Schwerte. .

Im Klassenraum 101 des Ruhrtalgymnasiums machen jeden Nachmittag Jungen und Mädchen aus Angola und Syrien, Tunesien und Iran ihre Hausaufgaben. Sie kommen – meist – freiwillig und bringen auch ihre Freunde mit. „Wir haben noch keinen nach Hause geschickt“, sagt Agnes Marks, die vor zwölf Jahren die Hausaufgabenbetreuung für Flüchtlingskinder aufbaute.

Zehn Erwachsene sind es mittlerweile, die an fünf Tagen in der Woche für zwei Stunden den Kindern und Jugendlichen helfen, die Matheaufgaben zu lösen, Rechtschreibfehler zu vermeiden, die richtigen Ausdrücke in Englisch zu finden. Als Agnes Marks im Jahr 2000 zum ersten Mal zur Hausaufgabenbetreuung einlud, hatte sie nur ihre 15-jährige Tochter als Helferin an der Seite. Der Gemeinschaftsraum im Übergangsheim an der Schützenstraße war damals zweimal in der Woche für zwei, drei Stunden für die Kinder reserviert.

Zwei Jahre später kamen weitere Frauen und Männer dazu. Die Ehrenamtsbörse half bei der Mitarbeitersucher. Damit war es dann auch möglich, die Hausaufgabenbetreuung auf fünf Tage die Woche auszuweiten. Der Bedarf war da.
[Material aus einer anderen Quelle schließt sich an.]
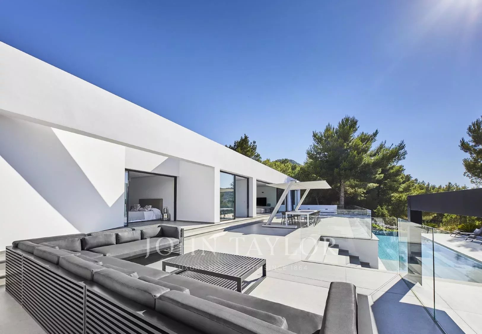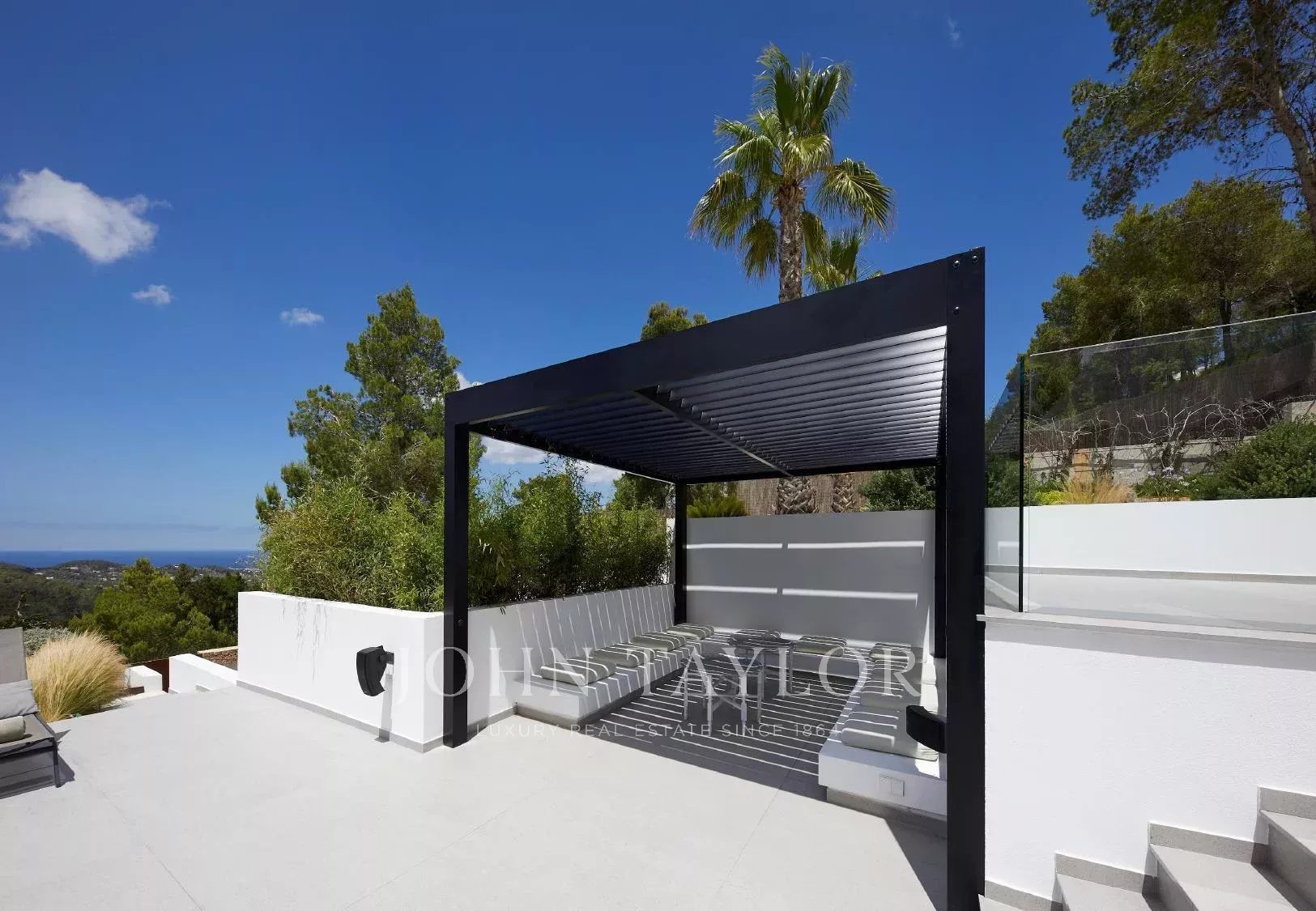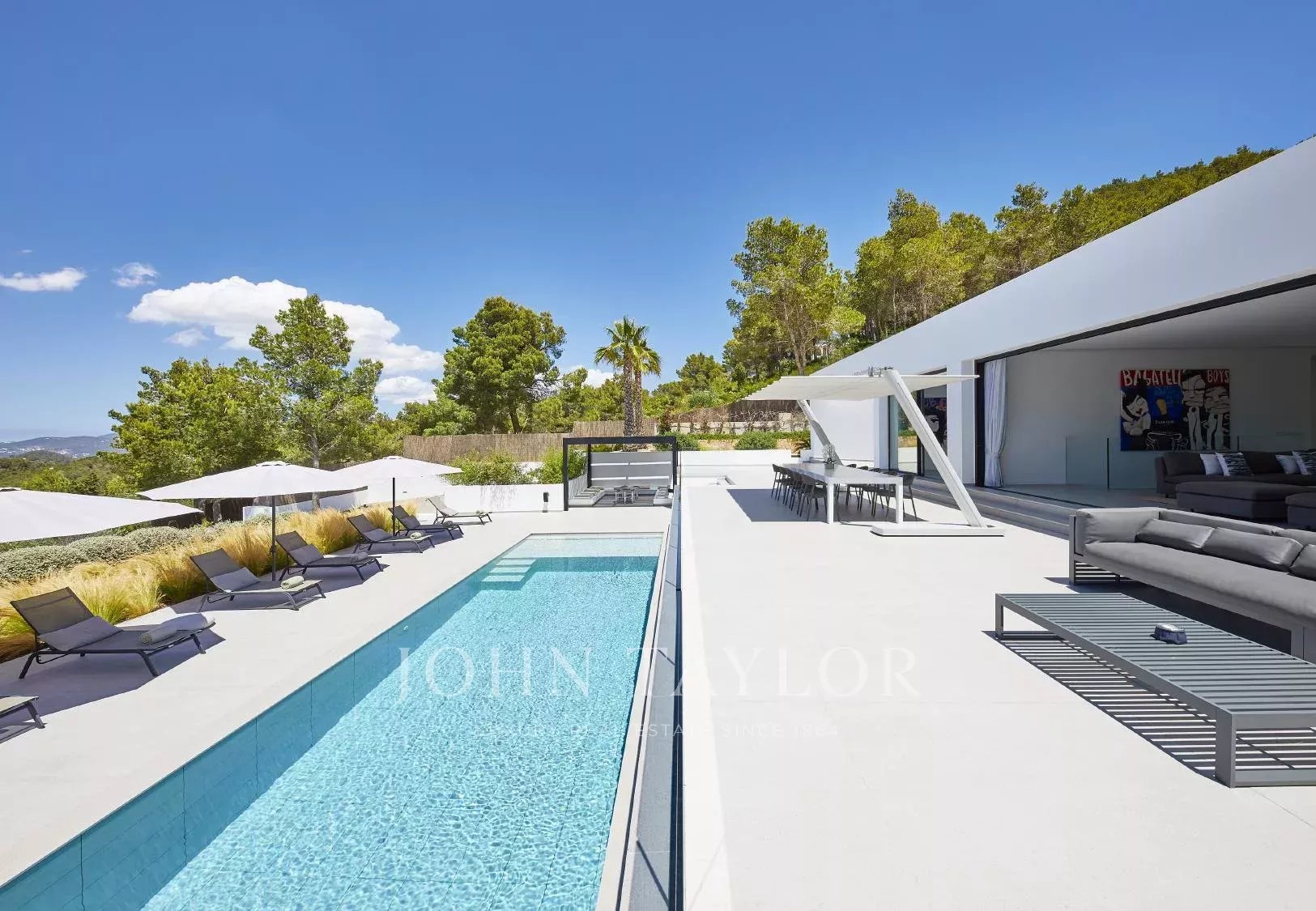 Espectacular villa de cinco dormitorios situada en una exclusiva zona montañosa a lo largo de la carretera de Sant Josep, en un entorno que combina privacidad total con una excelente conexión a la isla: a tan solo diez minutos en coche del aeropuerto y muy cerca de algunas de las mejores playas, restaurantes y clubes de Ibiza.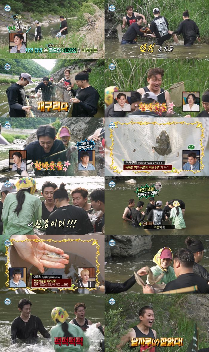 이들은 물고기를 잡는 그물망을 들고 우거진 수풀 속 숨어 있는 생물들을 찾기 시작한다. 마침내 그물망 속에서 개구리를 발견한 김대호와 코드쿤스트는 환호를 지르며 행복해한다. 아이처럼 좋아하는 김대호의 모습에 기안84는 "저렇게 좋아한다고?"라며 웃음을 터트린다.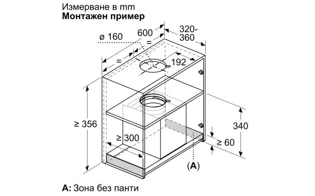 Минималната дистанция е 430 мм над електрически плот и 650 мм над газов плот (спазвайте указанията от ръководството за конкретния монтаж).
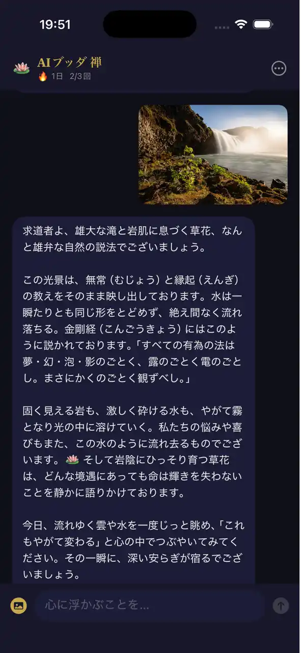 テキストでの悩み相談に加え、写真を送ると画像の内容をAIが読み取り、仏教の教えと結びつけて応答する機能も搭載しています。 |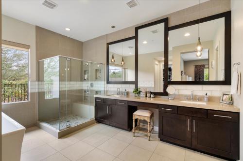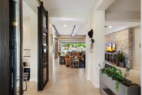 Discover Move-In-Ready Luxury in Carefree, AZ This stunning entertainer's dream, located in the gated Reserve at Tranquil Trail, offers panoramic mountain views and epitomizes modern luxury blended with desert resort-style living. This custom-built residence, completed in 2015, is perfect for buyers seeking a refined and sophisticated lifestyle. Step inside to find a gourmet kitchen equipped with high-end appliances, custom cabinetry, and an impressive waterfall island. The open-concept great room showcases elegant wood beams, a stacked-stone entertainment wall, and a remarkable 14-foot folding glass door that seamlessly connects indoor and outdoor living spaces. The primary suite features dual walk-in closets and is thoughtfully separated from the two guest rooms for privacy.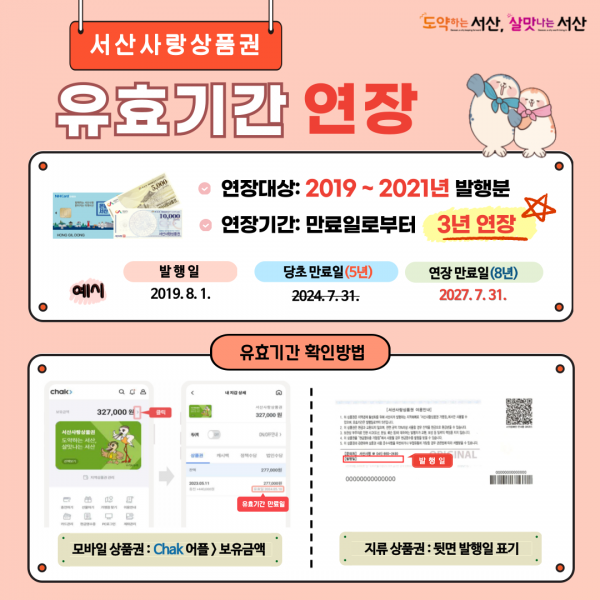 [충청뉴스큐] 충남 서산시는 2019년부터 2021년까지 발행된 서산사랑상품권의 유효기간을 3년 연장한다고 14일 밝혔다.

Die Eltern, die meist kein Deutsch sprachen, verstanden nicht, was ihre Kinder lernten und konnten nicht helfen. „Wir gucken ja auch nicht nur, ob die Aufgaben richtig gemacht wurden, wir erklären ja auch, wie und warum es so richtig ist. Und wenn dann nach einer halben Stunden die Augen glänzen und man merkt, wie der Groschen gefallen ist, ist das eine schöne Bestätigung“, sagt Werner Kiesheyer. Der ehemalige Ingenieur ist fürs Rechnen zuständig und bildet mit Ulla Weiß am Dienstagnachmittag das Team. Weiß war Lehrerin, andere sind MTA und Metallografin, Reno-Fachangestellte und Hausfrau. Die Erwachsenen erhalten Unterstützung durch Firmbewerberinnen und -bewerber, die ihr soziales Praktikum bei der Hausaufgabenbetreuung machen. „Einige von ihnen bleiben auch anschließend noch lange dabei“, erzählt Agnes Marks. Sie selbst hat sich seit einiger Zeit aus dieser Arbeit ein wenig zurückgezogen, ist nur noch im Einsatz, wenn Personalmangel herrscht.

Aber den Umzug hat sie organisiert. Als die Stadt das Übergangsheim aufgab und zum Verkauf anbot, war die Hausaufgabenbetreuung selbst auf Hilfe angewiesen. Ein mietfreier Raum musste her, sollte das Angebot nicht enden. Die Schulleitung des RTG bot das Klassenzimmer 101 an. „Das ist sehr zentral und auch der Name Ruhrtalgymnasium zieht die Kinder an“, sagt Agnes Marks. Auch eine erst zögerliche Mutter habe zugestimmt, ihr Kind zur Hausaufgabenbetreuung zu schicken, als sie hörte, der Ort sei ein Gymnasium.

Umgangssprache Deutsch

Die Jungen und Mädchen machen ihre Schularbeiten für die Grundschule, die Hauptschule und die Realschule. Umgangssprache am Nachmittag ist Deutsch. Kommt eine neue Schülerin, die kein Wort Deutsch spricht, können häufig andere Kinder übersetzen. Klappt das nicht, gibt es noch Wörterbücher, die Hände und Gesten. „Sie glauben gar nicht, wie schnell Kinder lernen“, sagt Ulla Weiß.

Sind die Hausaufgaben erledigt und es bleibt noch Zeit, werden Spiele ausgepackt. Auch das übt das Sprechen und Verstehen ungemein und die meisten der 15 Jungen und Mädchen bleiben dafür im Klassenraum sitzen. Jeder kann während der zwei Stunden kommen und gehen wann er will, muss sich jedoch an Umgangsformen halten. Das ist den Erwachsenen wichtig. Dazu gehören Begrüßung und Verabschiedung und am Ende der Zeit das Aufräumen des Zimmers.

So gerne die meisten Kinder zur Hausaufgabenbetreuung kommen, einen Termin will niemand verpassen: den letzten Tag vor den großen Ferien. „Dann gehen wir immer zusammen Eis essen“, sagt Agnes marks. Und das wird dieses Jahr nicht anders sein.